12) TIMOTHY SKINNER (1779): The father of the Skinner children, Timothy Skinner, died from dysentery at age 78. The winged cherub on his gravestone represents the flight of the soul heavenward. The phrase "in memory of" is typical of later stones and serves to memorialize the deceased. It implies that the body is not necessarily interred beneath.
13) BENJAMIN COLTON (1759): Colton was the first minister of the Fourth Church of the West Division. He served 46 years, from 1713-1759, until his death from measles in 1759. The ornate, elaborate style of his stone was typical of that commonly made for ministers and important figures of the eighteenth-century community. Like Stephen Keyes' stone, it may represent a self-portrait.
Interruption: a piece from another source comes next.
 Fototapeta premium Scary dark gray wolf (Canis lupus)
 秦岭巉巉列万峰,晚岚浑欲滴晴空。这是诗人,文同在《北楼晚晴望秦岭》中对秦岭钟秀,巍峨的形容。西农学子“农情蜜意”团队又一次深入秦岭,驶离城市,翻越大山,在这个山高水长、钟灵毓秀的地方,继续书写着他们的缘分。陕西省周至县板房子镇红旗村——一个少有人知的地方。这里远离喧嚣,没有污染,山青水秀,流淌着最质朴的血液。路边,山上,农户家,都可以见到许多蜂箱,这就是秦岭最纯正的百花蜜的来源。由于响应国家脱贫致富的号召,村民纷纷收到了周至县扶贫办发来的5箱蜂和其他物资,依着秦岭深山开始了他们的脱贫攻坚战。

14) CAPTAIN SAMUEL SEDGWICK (1735): Married to Mary Hopkins, Samuel Sedgwick may have been a cooper and/or distiller. West Hartford has both a middle school and road named after this family. There is only one other gravestone similar to his in the cemetery (Nathaniel Smith's) and both have been attributed to an anonymous individual known as the "Glastonbury Lady." The carver acquired this name because he was a popular stonecutter in Glastonbury in the 1730s and many of his best stones were made for women.
15) NATHANIEL HOOKER (1770): Hooker was the second minister of the Fourth Church of the West Division and served from 1759-1770. He was also a doctor, which was not unusual for ministers since they were the best educated men in the community. Ironically, he died at age 32 from mercurial poisoning as he attempted to treat himself for consumption (tuberculosis). He has what is known as a "tablestone." Such stones are raised above the ground on pedestals. His stone is now in two pieces. The pedestals are kept at the West Hartford Historical Society.
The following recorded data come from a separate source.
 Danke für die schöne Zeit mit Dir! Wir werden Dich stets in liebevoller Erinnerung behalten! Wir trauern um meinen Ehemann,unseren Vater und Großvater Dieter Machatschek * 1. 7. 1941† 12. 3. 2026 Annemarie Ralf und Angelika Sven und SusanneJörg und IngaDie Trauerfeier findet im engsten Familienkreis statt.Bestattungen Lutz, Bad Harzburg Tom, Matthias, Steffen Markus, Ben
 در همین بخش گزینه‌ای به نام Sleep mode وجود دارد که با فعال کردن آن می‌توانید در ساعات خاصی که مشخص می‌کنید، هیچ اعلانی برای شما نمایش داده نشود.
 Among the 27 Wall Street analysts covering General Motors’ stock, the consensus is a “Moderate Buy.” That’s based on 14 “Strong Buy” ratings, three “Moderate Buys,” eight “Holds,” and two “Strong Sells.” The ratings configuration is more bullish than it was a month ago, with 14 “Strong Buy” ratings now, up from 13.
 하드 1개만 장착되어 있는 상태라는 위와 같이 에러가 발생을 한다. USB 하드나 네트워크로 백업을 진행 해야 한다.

16) LIEUTENANT JOSEPH GILLITT (1746): Gillitt was one of the 29 original members that formed the West Division's Congregational Church on February 24, 1713. He owned and operated a tanning yard. The house he built is still standing on South Main Street near the Noah Webster House. The motif on his gravestone resembles a skull or death's head, a common theme on early stones which served as a vivid reminder of death and resurrection. Despite the resemblance, however, the motif on his stone probably represents a transition to a winged cherub and not a skull, as it has a human face and lacks death's head teeth.
17) RACHEL MARSHFIELD (1754): One of the oldest people buried here is Rachel Marshfield, who died at age 86. There is no other gravestone like hers in the burying yard. The hourglass with its time run out, and one live and one dead flower severed by a scythe, are all death images that were meant to symbolize the frailty of life. Even the illiterate could understand the message.
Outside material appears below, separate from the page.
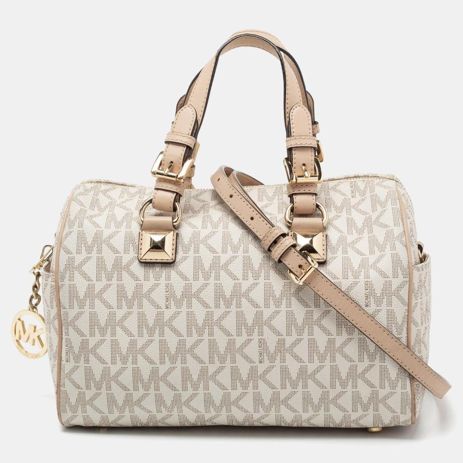 Michael Michael Kors Signature Coated Canvas And Leather Grayson Boston Bag
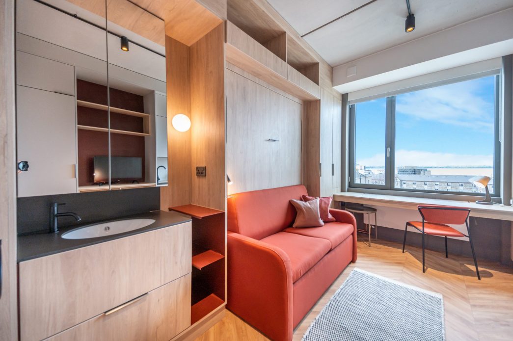 Includes a double bed and smart TV. Kitchenette comes with utensils, hob & fridge. Full en-suite, WFH desk, ample storage, valuables safe.

18) AMOS BIDWELL (1808): A potter and brickmaker in the West Division, Amos Bidwell operated a tanning yard later in life. He owned 200 acres of land in the Susquehannah Purchase and in 1796 was 50 pounds in debt to Hartford's Grammar School. He was married to Phebe Williams and died from palsy, a type of paralysis.
19) MARY MERRELL (1792): The wife of Jacob Merrell, Mary Merrell, is one of the few women with probate documents. Such documents contain the will, inventories, and codicils of an individual. Merrell's probate records identify a payment of four pounds for her gravestone and name Stephen Brace as her gravedigger. He was paid seven shillings to do so.
20) JACOB MERRELL (1771): Merrell was a cousin to Noah Webster, Jr. and was a farmer and weaver. He died several days after falling on a pitchfork in a farming accident, leaving his widow Mary with the care of eight small children. The epitaph on his gravestone which reads, "the finest flesh is but dust, prepare for death and follow me you must," was meant to warn others of the inevitability of death.